From: Jason Gunthorpe <jgg@nvidia.com>
To: Shameerali Kolothum Thodi <shameerali.kolothum.thodi@huawei.com>
Cc: Nicolin Chen <nicolinc@nvidia.com>,
	"will@kernel.org" <will@kernel.org>,
	"robin.murphy@arm.com" <robin.murphy@arm.com>,
	"joro@8bytes.org" <joro@8bytes.org>,
	"thierry.reding@gmail.com" <thierry.reding@gmail.com>,
	"vdumpa@nvidia.com" <vdumpa@nvidia.com>,
	"jonathanh@nvidia.com" <jonathanh@nvidia.com>,
	"linux-kernel@vger.kernel.org" <linux-kernel@vger.kernel.org>,
	"iommu@lists.linux.dev" <iommu@lists.linux.dev>,
	"linux-arm-kernel@lists.infradead.org"
	<linux-arm-kernel@lists.infradead.org>,
	"linux-tegra@vger.kernel.org" <linux-tegra@vger.kernel.org>,
	Jerry Snitselaar <jsnitsel@redhat.com>
Subject: Re: [PATCH v5 0/6] Add Tegra241 (Grace) CMDQV Support (part 1/2)
Date: Wed, 17 Apr 2024 09:29:26 -0300	[thread overview]
Message-ID: <20240417122926.GP3637727@nvidia.com> (raw)
In-Reply-To: <ba3047f946c6475aaf30800f9d3f9afb@huawei.com>

On Wed, Apr 17, 2024 at 09:45:34AM +0000, Shameerali Kolothum Thodi wrote:

> Just to add to that.
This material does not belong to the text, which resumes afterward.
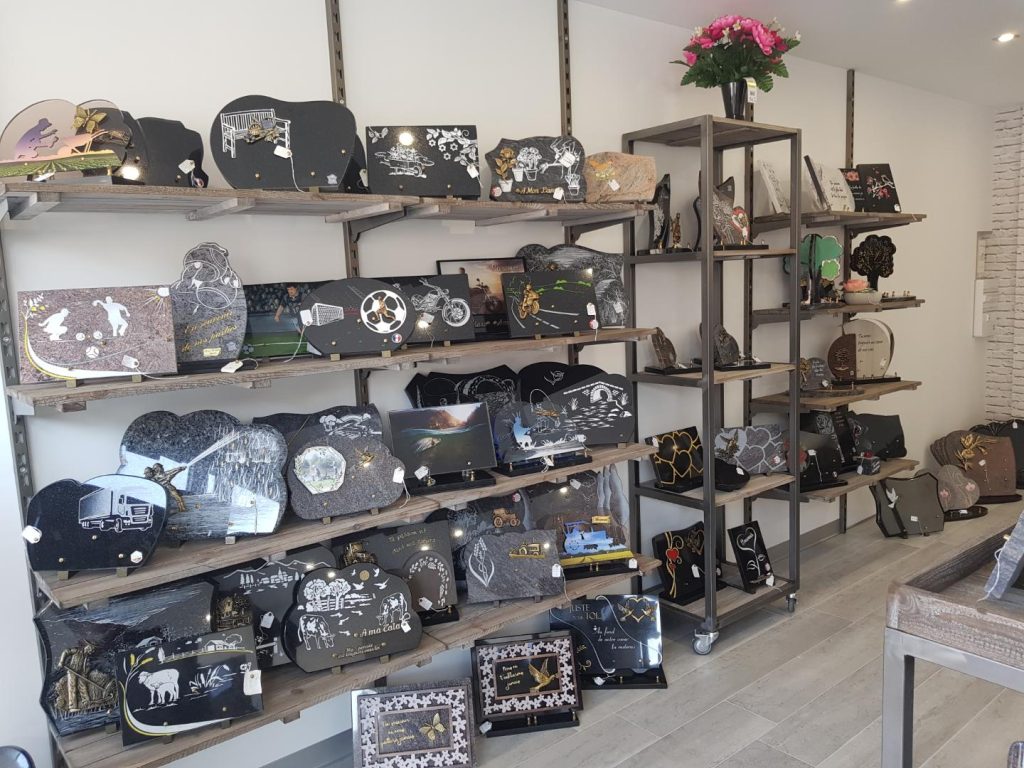 - Les plaques funéraires : en granit, en marbre, en pierre ou tout autre matériau, les plaques peuvent être ornées de gravures, de citations, d’épitaphes, de symboles ou même d’images.
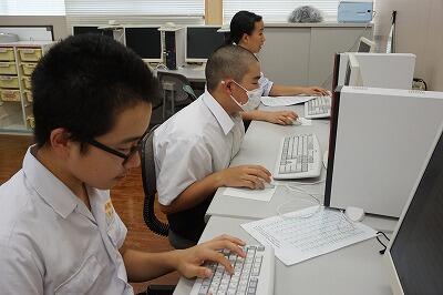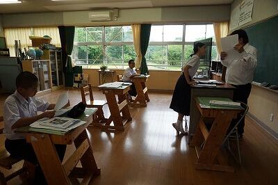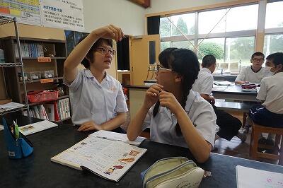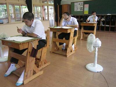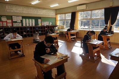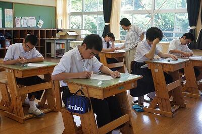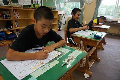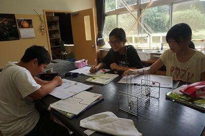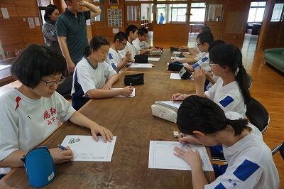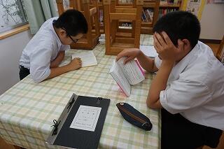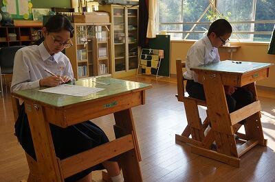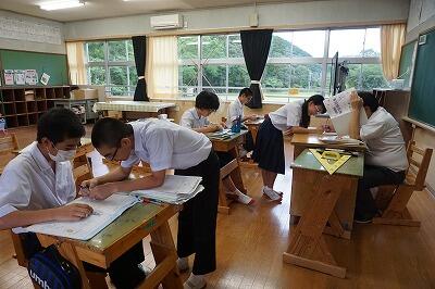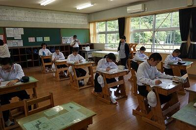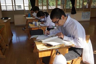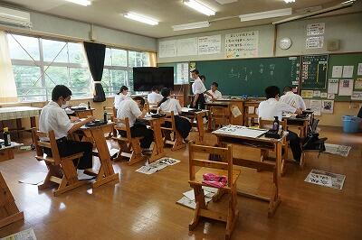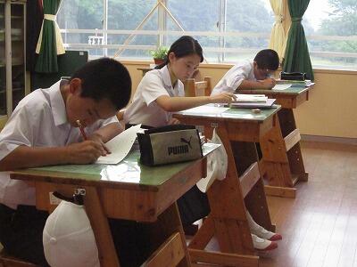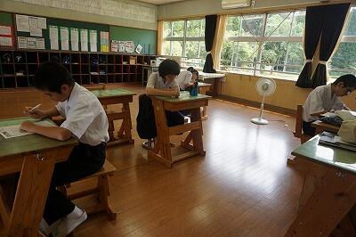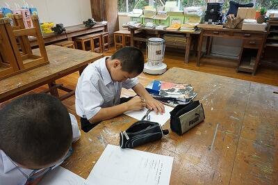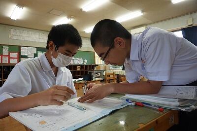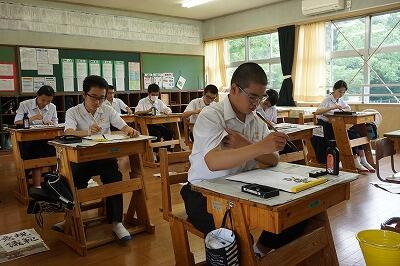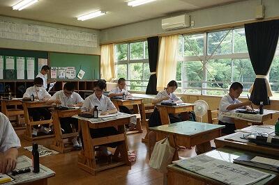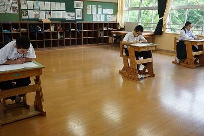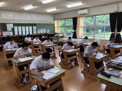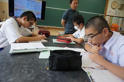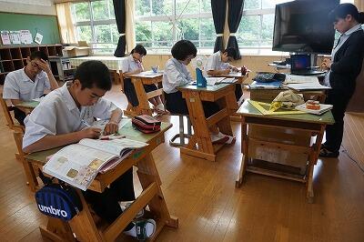中学2年生は、理科の復習問題に集中して取り組んでいました。

One idea could be like to have a case where when ECMDQs are 
> detected, use that for issuing limited set of cmds(like stage 1 TLBIs) and use the
> normal cmdq for rest. Since we use stage 1 for both host and for Guest nested cases
> and TLBIs are the bottlenecks in most cases I think this should give performance
> benefits.

There is definately options to look at to improve the performance
here.

IMHO the design of the ECMDQ largely seems to expect 1 queue per-cpu
and then we move to a lock-less design where each CPU uses it's own
private per-cpu queue. In this case a VMM calling the kernel to do
invalidation would often naturally use a thread originating on a pCPU
bound to a vCPU which is substantially exclusive to the VM.

Jason